I’ve large feet, but apparently not as large as they should be (anatomically speaking) for my height of 179cm (or 5’ 10.5”). They are an Australian size 9½ which is a 41 (European) and 8½ (US).
They are my father’s feet: weird squiggly toes and plenty of calluses that I get smoothed down whenever I have a pedicure.
They’ve carried me to many places around the world: Egypt, Chile, England, Wales, Orkney Islands, New Zealand, America, Bali and Thailand. They’ve trekked through dessert sands, snorkelled on the Great Barrier Reef, climbed dormant volcanoes, skied many an alp, belly-danced all over Sydney, walked dogs, taken part in the Sydney City to Surf, swum thousands of kilometres… they’ve done a lot for me, these feet.

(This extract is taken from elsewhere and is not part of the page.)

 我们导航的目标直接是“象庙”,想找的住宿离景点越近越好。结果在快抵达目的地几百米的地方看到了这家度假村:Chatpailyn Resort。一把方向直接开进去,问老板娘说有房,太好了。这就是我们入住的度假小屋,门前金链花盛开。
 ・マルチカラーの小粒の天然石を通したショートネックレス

And yet, it seems I do not trust them as I should.
Have I taken them for granted? Have I assumed limitations for them that do not exist? Am I wary of what they can and can’t do, and am I afraid to find out?

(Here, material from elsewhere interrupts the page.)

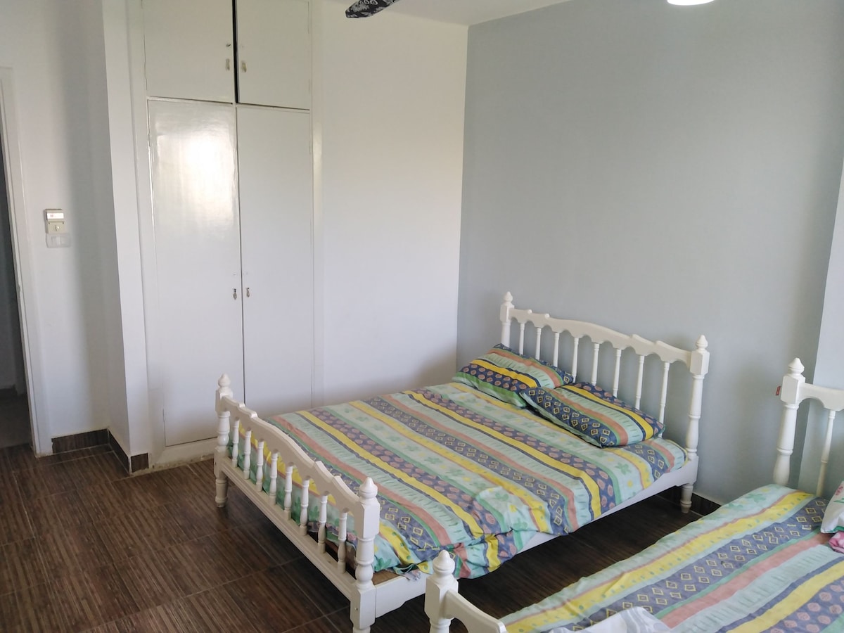 A beautiful place with a lot of space and an amazing view day and night to the sea and to Farouk Gardens. There is concierge 💁♂️ available 24/7. The building is located next to Royal Plaza Mall. Right next to the building is a Carrefour and some cafes and restaurants. You can also find a pharmacy at the ground floor. Is 2 minutes walk from Montaza Palace and 5 minutes walk from Mamurah beach. 1 king size bedroom with private bathroom 1 bedroom with 2 single beds 1 bedroom with 2 single beds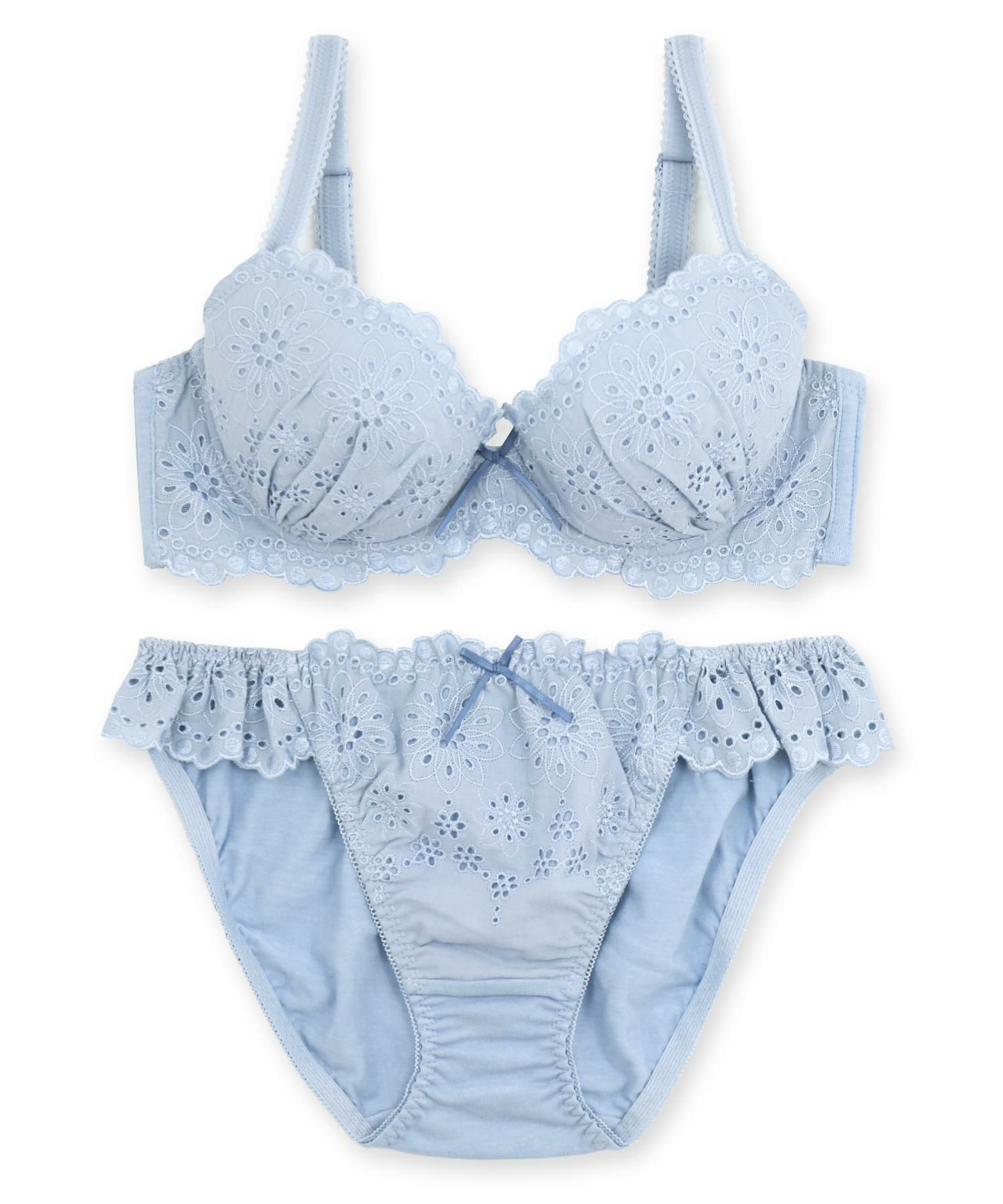 素肌を優しく包む配慮がいっぱい ノンワイヤーのコットンレースのブラ&ショーツSET 「コットンドラジェ ペアブラジャー(ワイヤー無し)」

It’s true; they’ve let me down in the past. Or perhaps it was me that did the letting down? There’s been two broken toes in their history (both on the left foot – little toe, then the one next to the big toe), one bone graft (see photo), and several sprained ankles. They’ve suffered abuse as all dancer’s feet do. They’ve coped as well as they could given my high instep.
And actually, they still make awesome ballet pointed feet, even today. Which was always a bonus as a synchronised swimmer, back in the day…

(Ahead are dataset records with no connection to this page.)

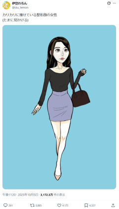 1: 2025/12/19(金) 14:04:38.70 カリカリに痩せている整形顔の女性(たまに見かける) pic.twitter.com/AuPdwRaBJz— 伊豆れもん (@izu_lemon) October 5, 2025 ※関連記事 【画像】絵師「カリカリに痩せてる整形顔の女性を描きました」 ???「ギョオオオオオオオオン」…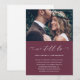 Elegant burgunder och vit ändra datum bröllopsuppskov anmälan. Detta enkla meddelande är ett chic sätt att låta inbjudna gäster veta att datumet för ert bröllop har ändrats på grund av oförutsedda omständigheter och innehåller det nya bröllopsdatumet. Denna trendiga anmälan har vacker "vi gift oss ändå" vit kalligrafiskrift på en burgunder marsala bakgrund med parets foto och en vit baksida på kortet.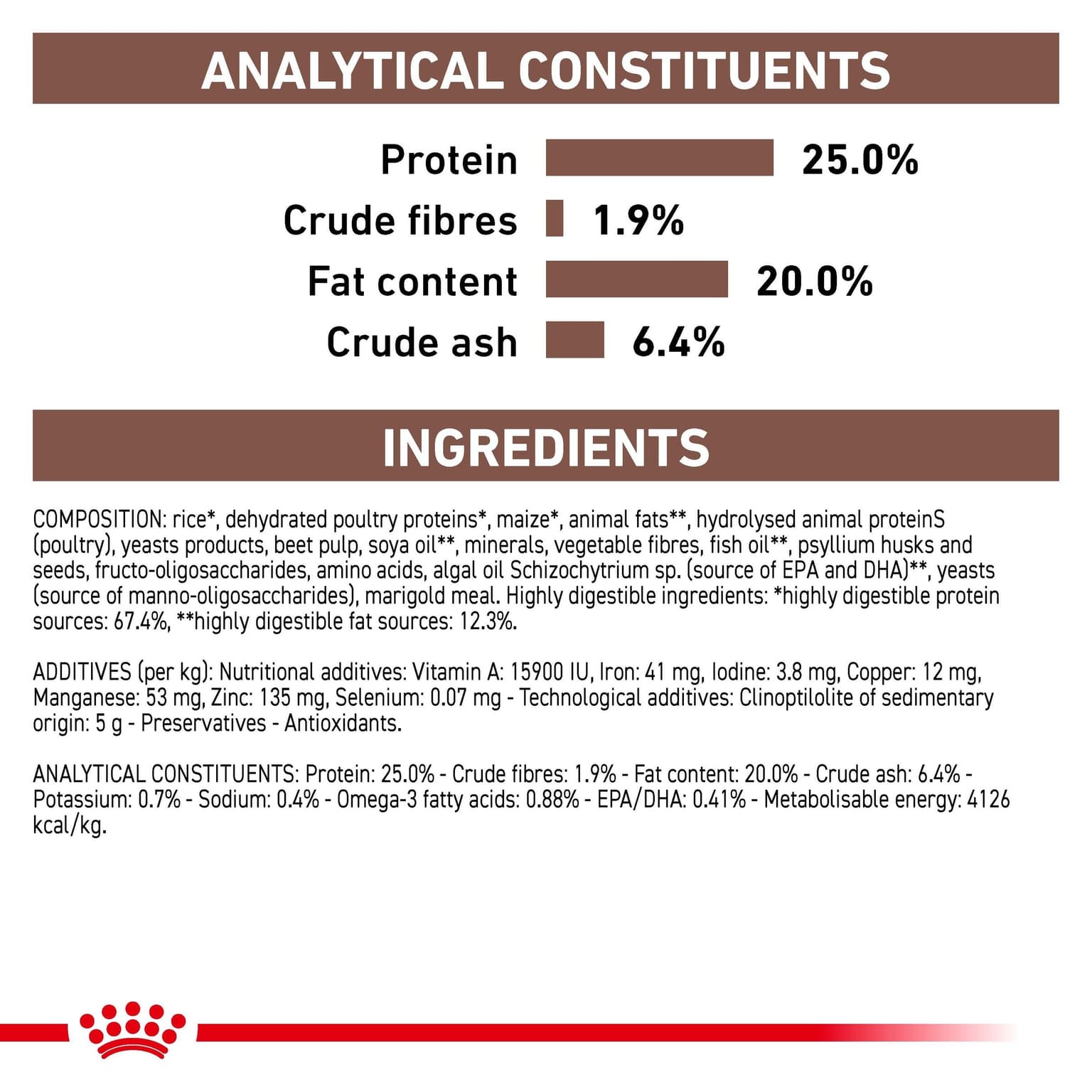 Composition: Rice, dehydrated poultry protein, maize, animal fats, hydrolysed animal proteins (poultry, fish), egg powder, yeasts products, beet pulp, soya oil, fish oil, vegetable fibres, minerals, psyllium husks and seeds, fructo-oligosaccharides (0.5%), hydrolysed yeast (source of mannan-oligosaccharides) (0.2%), marigold extract (source of lutein). Additives (per kg): Nutritional additives: Vitamin A: 16500 IU, Vitamin D3: 1000 IU, Iron: 41 mg, Iodine: 4.1 mg, Copper: 12 mg, Manganese: 53 mg, Zinc: 129mg, Selenium: 0.07 mg - Technological additives: Clinoptilolite of sedimentary origin: 5 g - Preservatives - Antioxidants Please Note: Royal Canin takes pride in ensuring the scientific reliability of all product information. The information in this product listing was true and accurate at the time of publication. However, please note that from time to time, for example due to ingredient availability or a change in sourcing factory within our global factory network for the purpose of ongoing supply, it is necessary to make product changes at short notice, and there may be some delays in updating the information in our product materials.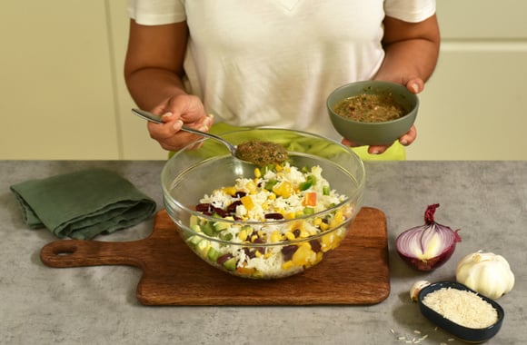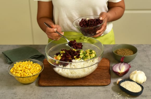 7Mélangez le riz basmati , les haricots rouges, le maïs, les dés de tomates et d'avocats.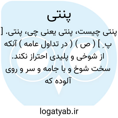پنتی. [ پ ِ ] ( ص ) ( در تداول عامه ) آنکه از شوخی و پلیدی احتراز نکند. سخت شوخ و با جامه و سر و روی آلوده که نظافت نداند، در اصطلاح «مشتیان » مقابل لوطی، جَبان. بی حمیت. بی غیرت. چرک. دَنِس. قذر. لاابالی در پاکی و نظافت. فِژاکن. پَچل َ.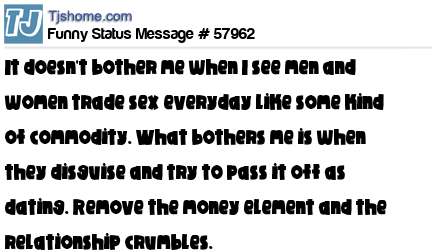X is It doesn't bother me when I see men and women trade sex everyday like some kind of commodity. What bothers me is when they disguise and try to pass it off as dating. Remove the money element and the relationship crumbles.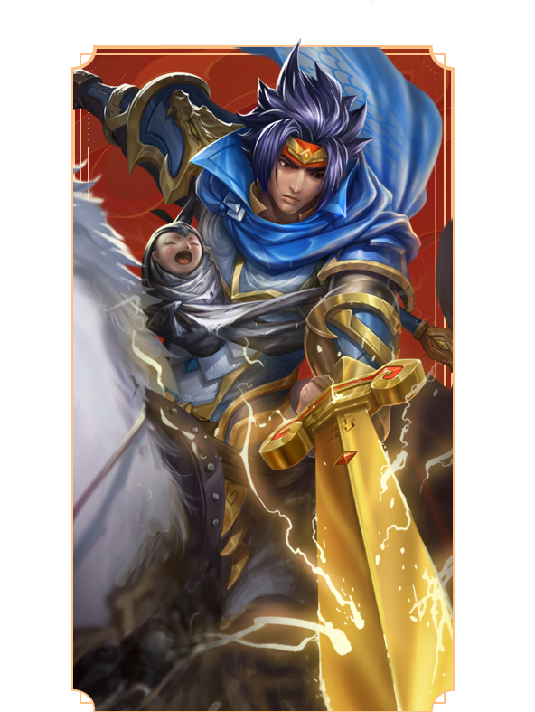 长坂坡,曹军如潮涌来,常山赵云怀抱婴儿持枪杀出。赵云疲惫之际,曹将夏侯恩飞马持刀而至,欲擒之。只见赵云奋起神威只一合将其挑落马下,夺得宝剑“青釭剑”,赵云被剑气激起万丈雄心,立刻精神百倍。他仗剑提枪冲向曹军,卷起满天尘土,如白色巨龙怒奔。无数曹军被其气势所震,五十几名大将丧命其手。自此,曹军闻长坂坡赵云之名,无不胆战心惊。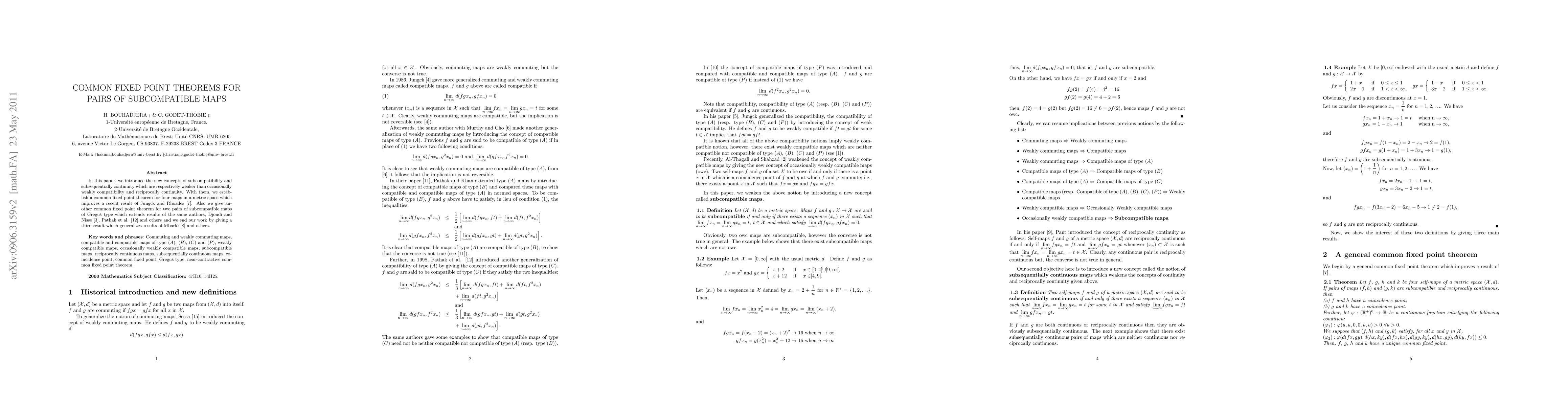 This paper introduces subcompatibility and subsequential continuity, weaker conditions than existing compatibility and continuity concepts, and establishes several new common fixed point theorems extending prior results from Jungck and Rhoades, Djoudi and Nisse, and Mbarki.

But now I understand that I don’t have complete faith in my feet. Which, when you think about it, means I don’t have complete faith in myself. But of course!
Last Sunday in Shadow Yoga we began to learn another part of the Balakrama form. You can see a little bit of the series in the video of Emma Balnaves, below…
Unfortunately it cuts off just before you get to see Chakri. Which is performed with the legs in horse stance, and requires you to rotate your upper body in a revolving circle. Dipping the upper body forward and down, between the legs and back up again. All the while, keeping the legs in horse stance.
In case you’re wondering, it’s not easy to get it right. But it is far easier than I thought it was. At first, I relied very much on my upper body and core strength to complete the circle. I don’t think I was the only one.
Our instructor corrected the class with words we hear often in Shadow Yoga: Plant your awareness in your feet.
Then perform Chakri! And oh, the lightness in the body! The smoothness of my circles compared with how they had been!
All I had to do was allow my body to rest in my feet completely. Doh!
More evidence is to be found in my attempts to perfect Vahni, which is in the opening sequence of the video clip. Here’s a screen grab so you can get a better look…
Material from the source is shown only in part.